Integrated View: Technological Synergy
• Genomic sequencing informs probe design for microarrays and provides reference genomes for RNA-Seq alignment.
• Transcriptomic data feed back into functional genomics by revealing condition-specific expression modules.
• Structural data validate functional hypotheses and enable rational drug design against genomic & transcriptomic targets.
• Bioinformatics frameworks unify these datasets, enabling multi-omics insights.
Ethical, Philosophical & Practical Considerations
• Data Privacy – Whole-genome and transcriptome profiles are personally identifying; secure storage and informed consent are critical.
• Equitable Access – Personalised medicine could widen health-care disparities if expensive genomic tests/treatments are unequally distributed.

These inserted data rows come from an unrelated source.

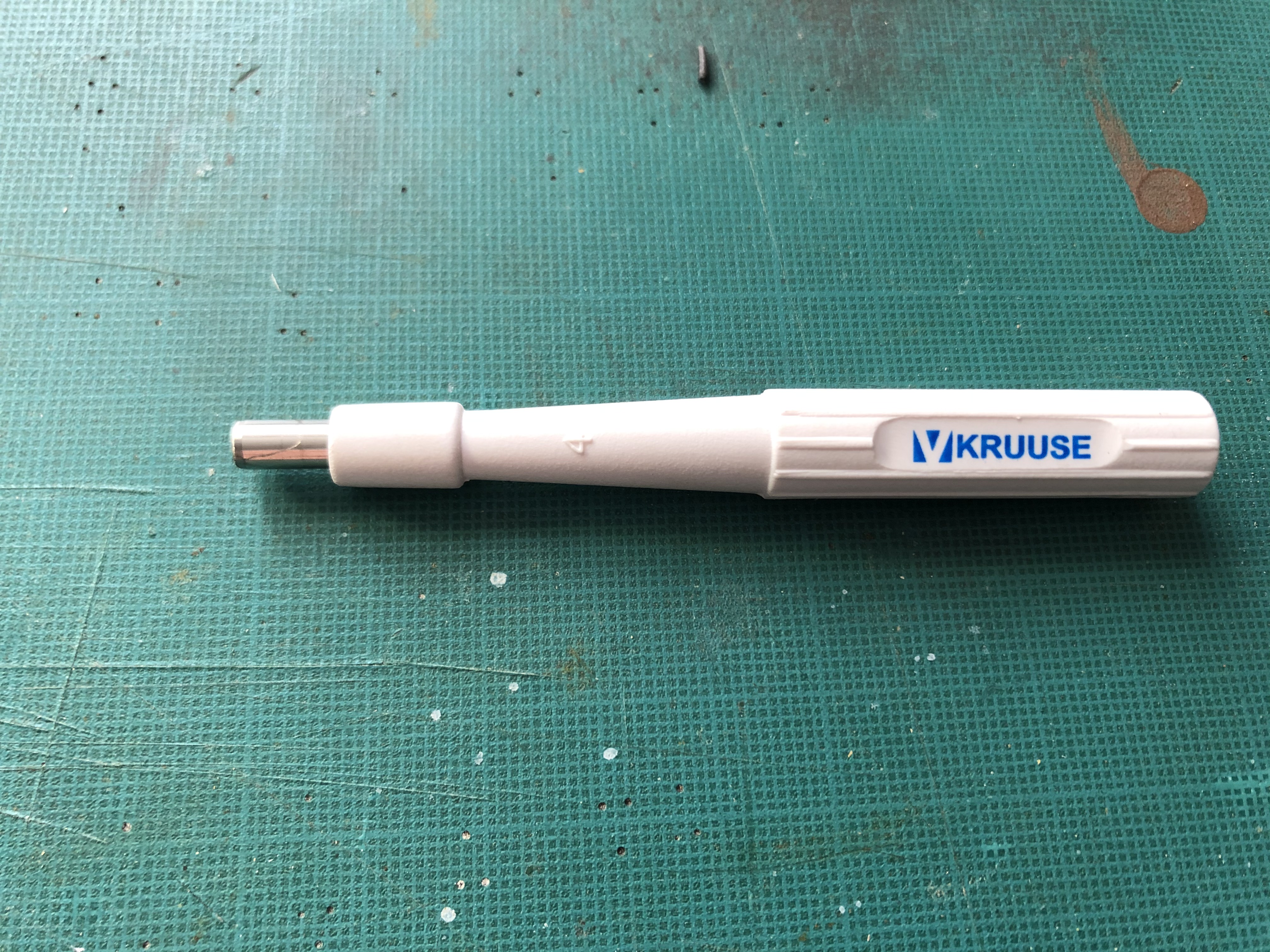 J'utilise maintenant un petit trocart pour "biopsie punch" normalement utilisé pour faire des petites carottes de peau devant être analysées. Je travaille avec du diamètre 3 mm et j'ai commandé un trocart de 4 mm que j'ai reçu ce matin (2,50 € pièce !)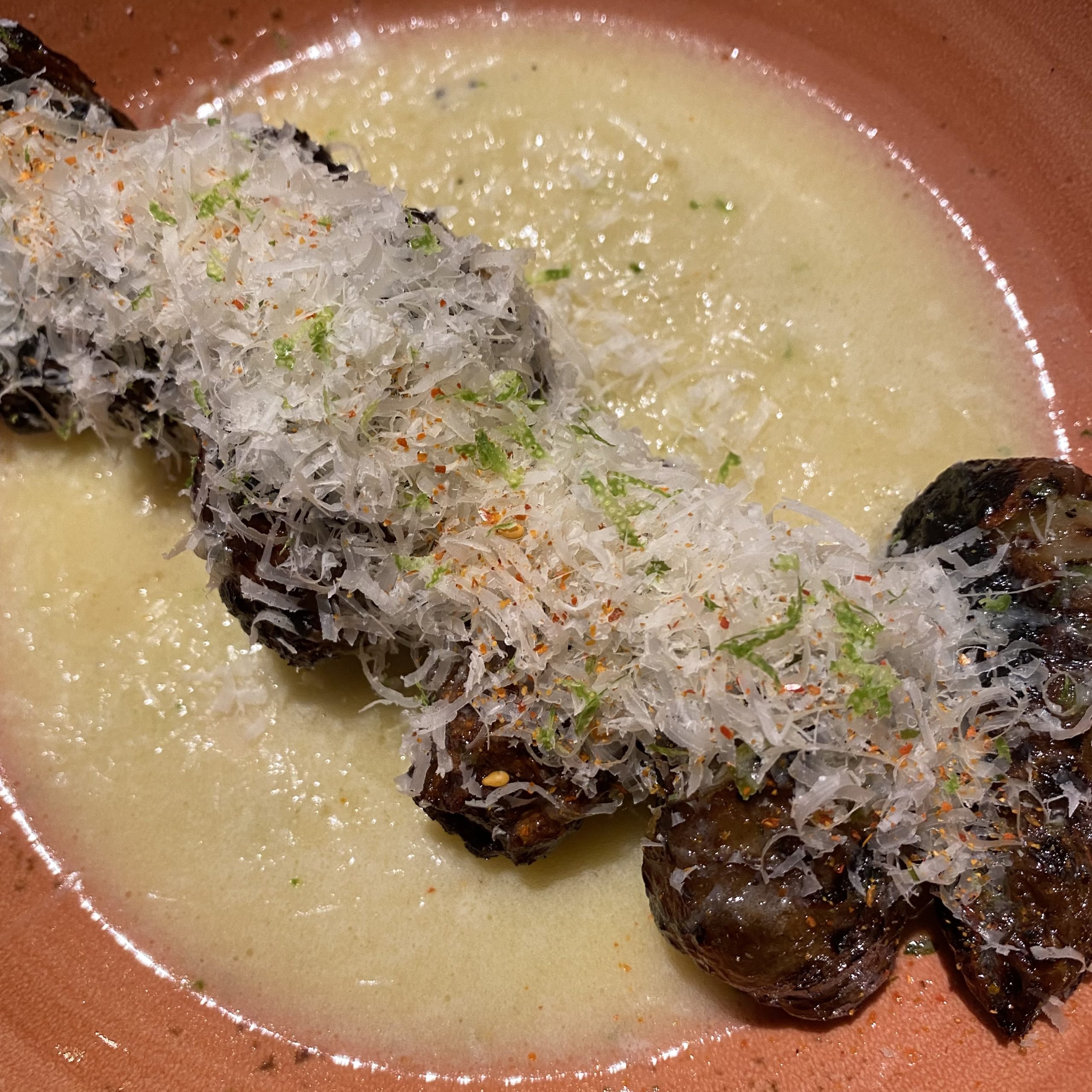 The Charred Suncokes were outrageous, bathed in a pool of Parmesan cream with togarashi lime ($19).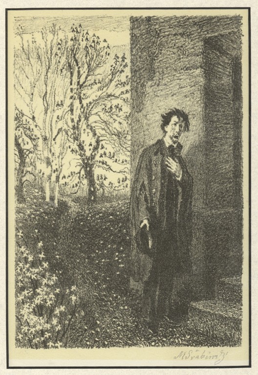 Publikováno v "Deset básní Jaroslava Vrchlického," 1958. Ve sbírkách Moravské galerie v Brně zařazena grafika - I lustrace k J. Vrchlickému "Za trochu lásky" zrcadlově převrácená. - Švabinský Maxmilian Kreslíř, malíř, grafik, ilustrátor, profesor a rektor na AVU v Praze, člen SVU Mánes, SVUM, zakládající člen SČUG Hollar, člen vídeňského Hagenbundu a Société nationale des Beaux-Arts v Paříži. Od roku 1923 rytíř Řádu čestné legie. Navrhoval také bankovky, poštovní známky, vitráže, gobelíny. Autor portrétů, krajinomaleb, erotických scén, plakátů, ex libris. (17.9.1873 Kroměříž - 10.2.1962 Praha)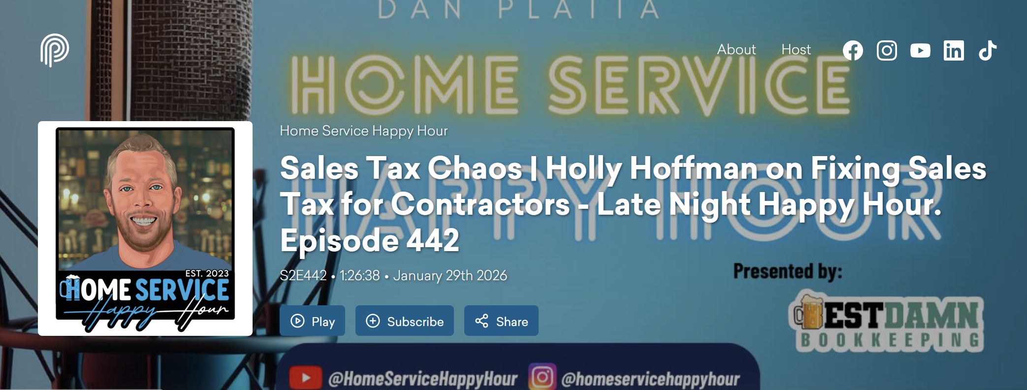 In this episode, we dive into sales tax confusion that trips up home service businesses every single day. I’m talking with Holly Hoffman, the Sales Tax Lady, about why sales tax feels scary, how contractors accidentally get it wrong, and what actually matters when the state comes knocking. If you run a service business and hope sales tax just takes care of itself, this conversation is going to wake you up.
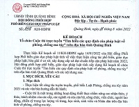Ngày 11/8/2022, Hội đồng phối hợp phổ biến, giáo dục pháp luật tỉnh Quảng Bình đã ban hành Kế hoạch số 158/KH-HĐPH về  tổ chức Cuộc thi trực tuyến “Tìm hiểu các quy định của pháp luật về phòng, chống ma túy” trên địa bàn tỉnh Quảng Bình.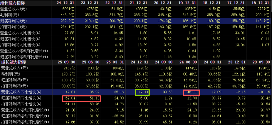 营收增长:营收从 2023 年的4763亿元增长至 2024年的6091亿元,2025年业绩预告显示。净利润从 2023年的210亿增长至 2025年的351亿—357亿元。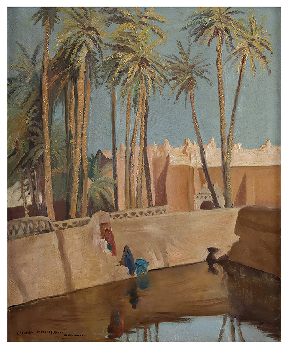 ORAZIO AMATO Gadames, 1937 Olio su tela, 61,5 x 50 cm Titolo, data e firma in basso a sinistra: Gadames, marzo 1937, Orazio Amato Etichetta della mostra Triennale delle Terre Italiane d’oltremare, Napoli 1940 ESPOSIZIONI Triennale delle Terre Italiane d’oltremare, Napoli 1940 PUBBLICAZIONI U. Ortona, “Le terre d’oltremare e l’arte italiana contemporanea”, Edizioni della mostra d’oltremare, Napoli, 1940, p. 13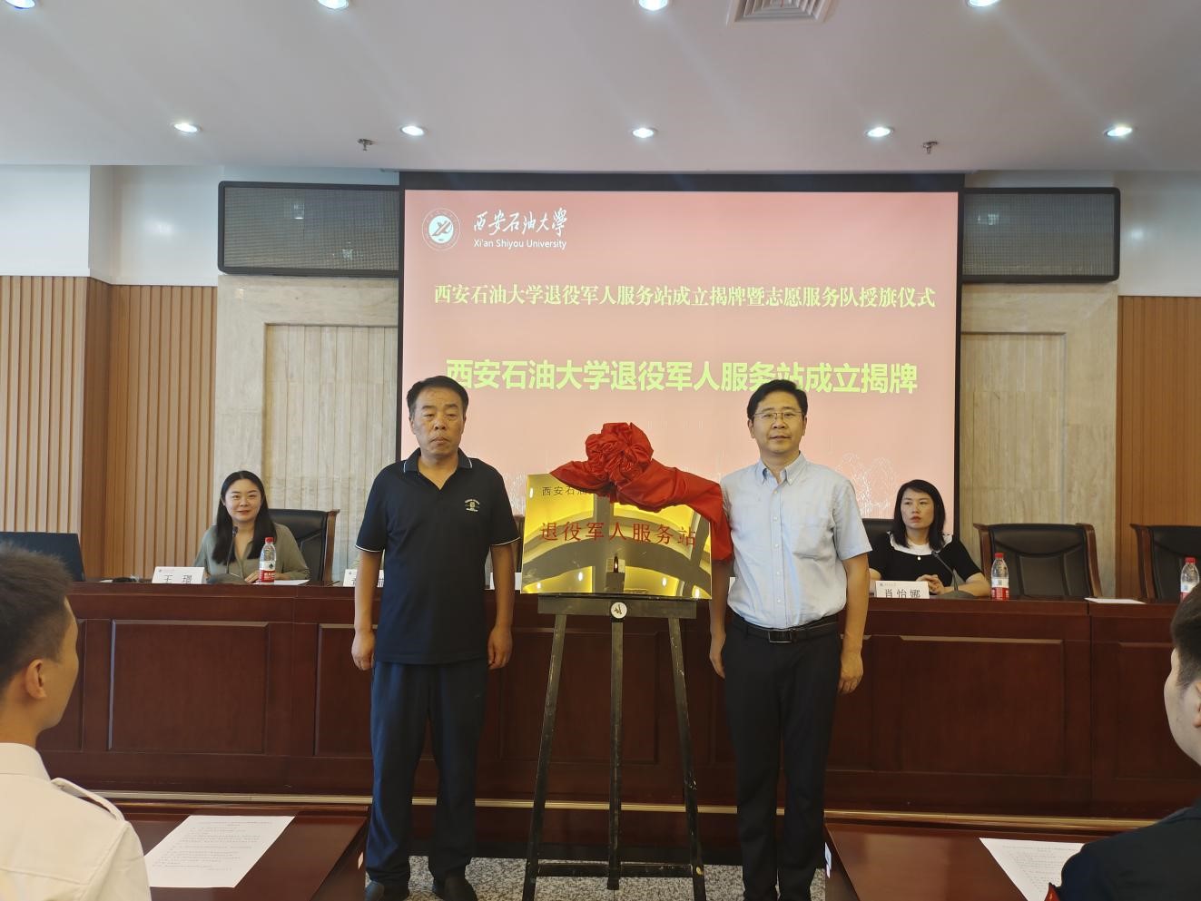 儀式上,吳敬旭、王亮為我校退役軍人服務(wù)站共同揭牌。

• Evolutionary Insight vs. Species Difference – While conservation highlights essential biology, over-extrapolation across species can mislead; functional validation remains necessary.
Numerical & Statistical Highlights
• Microarray chips routinely interrogate 10^4–10^6 loci in parallel.
• SAGE tags length: 10\text{–}17\,\text{bp}, providing unique gene identifiers.
• RNA-Seq depth can exceed 10^8 reads/sample, enabling detection of rare transcripts (<1 copy per cell).
Lecture Recap & Key Take-Home Messages
Genomics subdivides into Functional, Structural, Comparative branches, each with distinct goals and toolkits.
Technologies such as microarrays, SAGE, RNA-Seq, ChIP-Seq are foundational for large-scale functional insight.
Transcriptomics focuses on RNA dynamics, advancing diagnostics, pathogen biology and therapeutic target discovery.
Cross-integration of genomic, transcriptomic and structural data propels personalised medicine and novel drug development.
Bioinformatics is indispensable for transforming raw sequence data into actionable biological knowledge.